She knew the microphones were sensitive, that they could pretty much pick up anything, even a whisper, so Annja kept her voice low and her head turned away so no one could see her seemingly talking to herself.
“Henshaw, you out there?”
There was a long moment of silence and then, “Right here, Ms. Creed.”
Annja breathed a sigh of relief. She hadn’t realized until just that moment how much she was depending on the radio system to keep her in touch with Henshaw. Or how much his presence helped calm her nerves. She’d already faced off against the Dragon and lost; the idea of doing so a second time was in the forefront of her mind. But this time, her life and Roux’s depended on her success.
It was a heavy burden to bear.
“All right, I’m inside the park. I’ll make my way around to the pavilion and we’ll see what’s what,” Annja said.
It took her fifteen minutes to reach the Japanese garden. This particular one was the first Japanese garden built within an American public garden, and its creator, Takeo Shiota, had done the city proud. It blended the ancient hill-and-pond style with the more modern stroll-garden style and managed to carry it off wonderfully. Annja thought the beauty of the place was amazing. Evergreen trees and bushes dominated the landscape, and here and there bright splashes of color from flowering plants were used with restraint. Annja could see a wooden bridge extending out to a small hump of an island that reminded her of a turtle’s back, but it was the building standing right at the water’s edge that drew her like iron to a magnet.

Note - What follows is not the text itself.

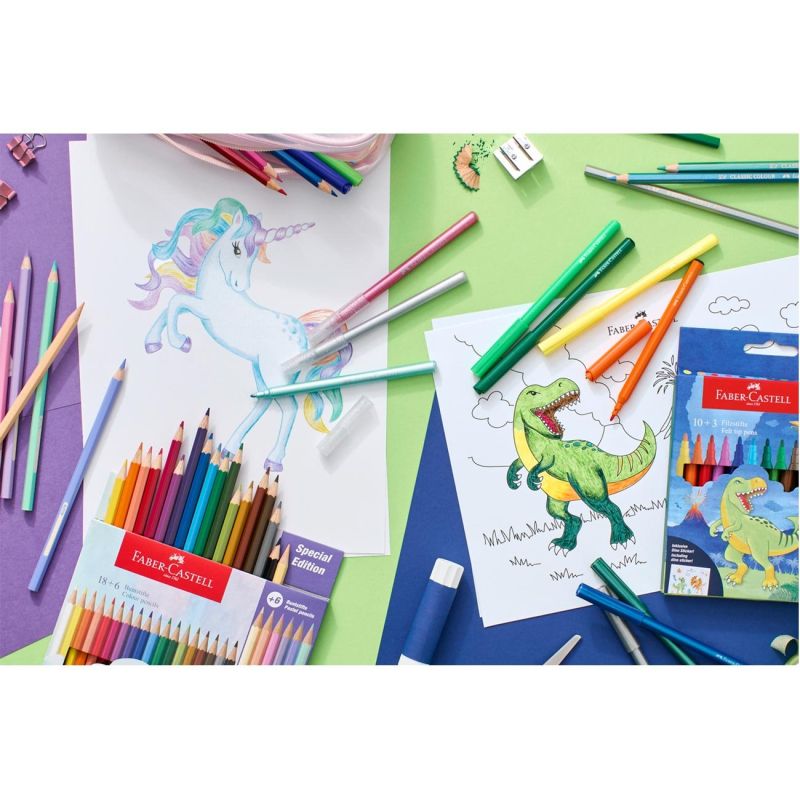 Faber-Castell Моливи Динозавър, 10 стандартни и 3 металикови цвята
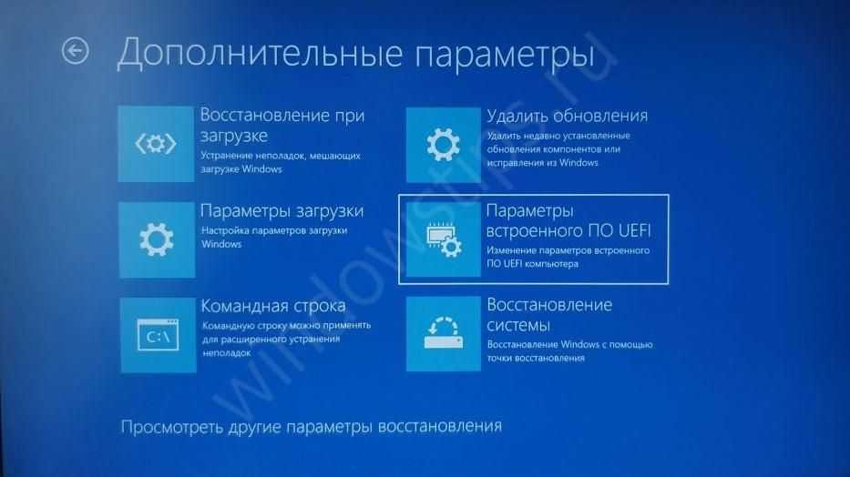 - Жмите на «Параметры встроенного ПО UEFI».

The viewing pavilion was a large, wooden pagoda-like structure made in typical Japanese fashion. The wood had been stained a deep brown and stood out against the trees without being conspicuous or seeming to be out of place. A vermilion-colored torii, or floating gateway, could be seen in the middle of the lake. Annja knew that the torii indicated the presence of a shrine somewhere nearby, but when she looked around for it she couldn’t see it.
She walked over to the pavilion and entered. It appeared to be empty, just one large room without furniture but which offered several places from which one could look out upon the lake.
“Still with me?” she whispered.
“I’m here. Looks like you’re about to get company. Someone is approaching from the opposite entrance.”
Annja waited a moment, then turned to face that direction just in time to see Shizu enter the Pavilion
HENSHAW BROUGHT THE RIFLE to his shoulder and centered the sights on the Dragon as she approached Annja.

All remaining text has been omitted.